__Data provided__
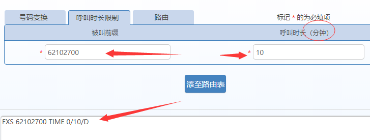 而新增的呼叫时长限制模块则更简单了,只需填写被叫的号码或前缀,然后设置呼叫时长(分钟),再点击添至路由表即可。
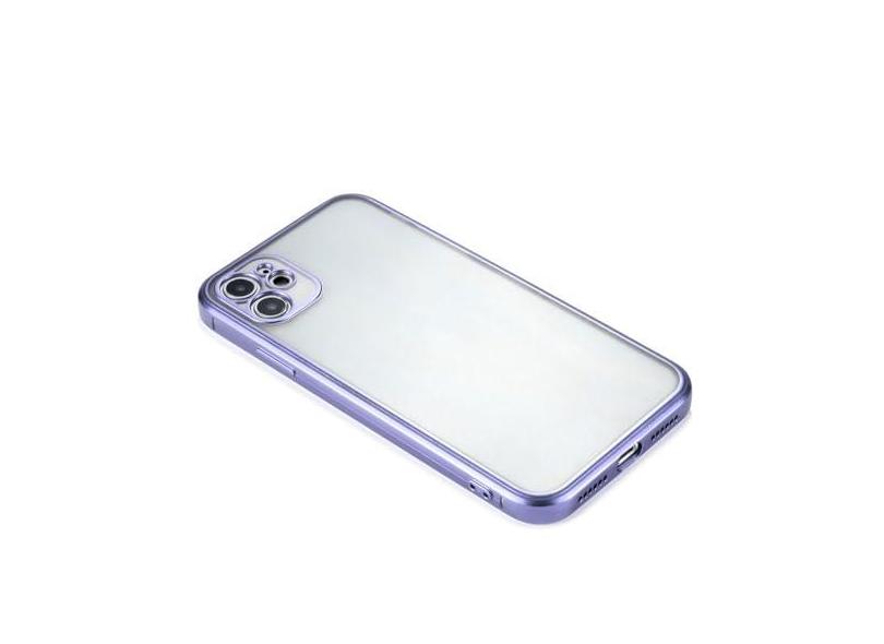 Capa transparente com moldura quadrada revestida de luxo para iPhone 12 11 Pro Max Mini XS XR X 7 8 Plus SE 2 Capa transparente fosca de silicone macio, roxa, para iPhone 11 Pro
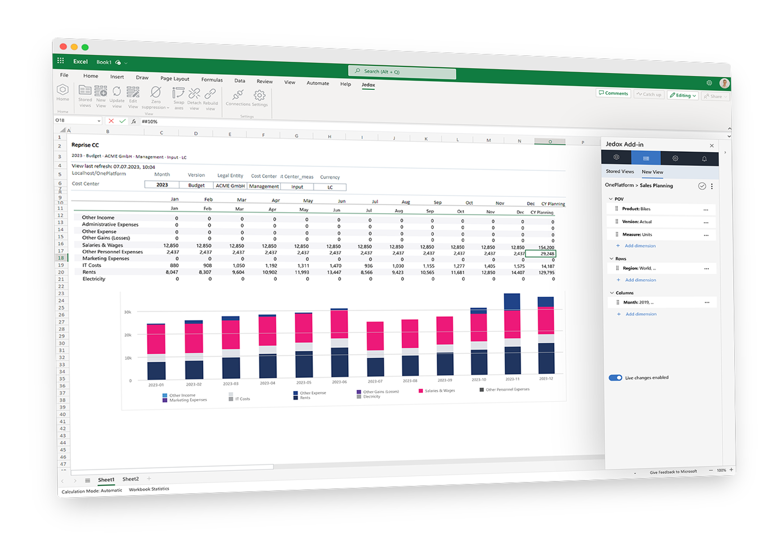 Parmi les leaders des solutions FP&A, Jedox permet aux directions financières de construire ses budgets, rolling forecasts, reportings… directement depuis une interface familière à ses utilisateurs : Excel.
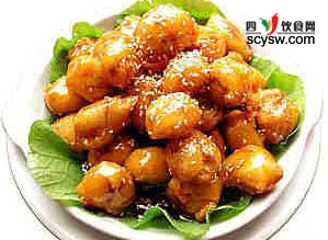 2、油拔法:這種技法用得較少。原因是它不易於掌握,故一般只是有經驗的廚師才用它。具體方法是:淨鍋置小火上,先用油將鍋炙一遍,再放入少許油,下入白糖,然後用手勺不停地翻炒,鍋中白糖先是炒成翻砂狀,此時手感吃力,隨後白糖慢慢溶化,手感也漸漸輕鬆。當鍋中白糖成漿狀且色呈金黃時,即可下入主料。油拔技法的優點是花費時間短、上菜快,但是需要憑手感和看顏色,而且判斷要準確。
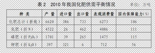 品种结构得到改善。高浓度化肥比重日益提高,整体达80%。钾肥国内保障能力由2005 年的24%提高到2010 年的56%。复混(合)肥、掺混肥、缓控释肥等专用肥料得到快速发展。
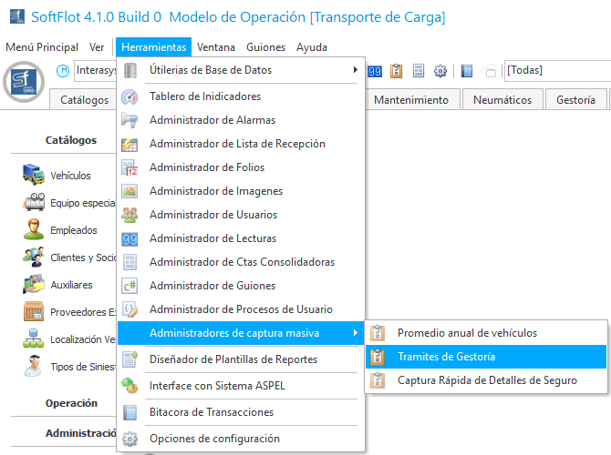 Con ayuda de esta herramienta, podemos actualizar los trámites en Gestoría de manera masiva por concepto de trámite. Para abrir esta opción, debemos de ir al menú [Herramientas \ Administrador de captura masiva \ Trámites de Gestoría] como se muestra a continuación.

__Task statement__
Output exactly the lines from the line with "Capa transparente com" to the last line of the records, including both, and leave every picture out.

__Solution for this problem__
 Capa transparente com moldura quadrada revestida de luxo para iPhone 12 11 Pro Max Mini XS XR X 7 8 Plus SE 2 Capa transparente fosca de silicone macio, roxa, para iPhone 11 Pro
 Parmi les leaders des solutions FP&A, Jedox permet aux directions financières de construire ses budgets, rolling forecasts, reportings… directement depuis une interface familière à ses utilisateurs : Excel.
 2、油拔法:這種技法用得較少。原因是它不易於掌握,故一般只是有經驗的廚師才用它。具體方法是:淨鍋置小火上,先用油將鍋炙一遍,再放入少許油,下入白糖,然後用手勺不停地翻炒,鍋中白糖先是炒成翻砂狀,此時手感吃力,隨後白糖慢慢溶化,手感也漸漸輕鬆。當鍋中白糖成漿狀且色呈金黃時,即可下入主料。油拔技法的優點是花費時間短、上菜快,但是需要憑手感和看顏色,而且判斷要準確。
 品种结构得到改善。高浓度化肥比重日益提高,整体达80%。钾肥国内保障能力由2005 年的24%提高到2010 年的56%。复混(合)肥、掺混肥、缓控释肥等专用肥料得到快速发展。
 Con ayuda de esta herramienta, podemos actualizar los trámites en Gestoría de manera masiva por concepto de trámite. Para abrir esta opción, debemos de ir al menú [Herramientas \ Administrador de captura masiva \ Trámites de Gestoría] como se muestra a continuación.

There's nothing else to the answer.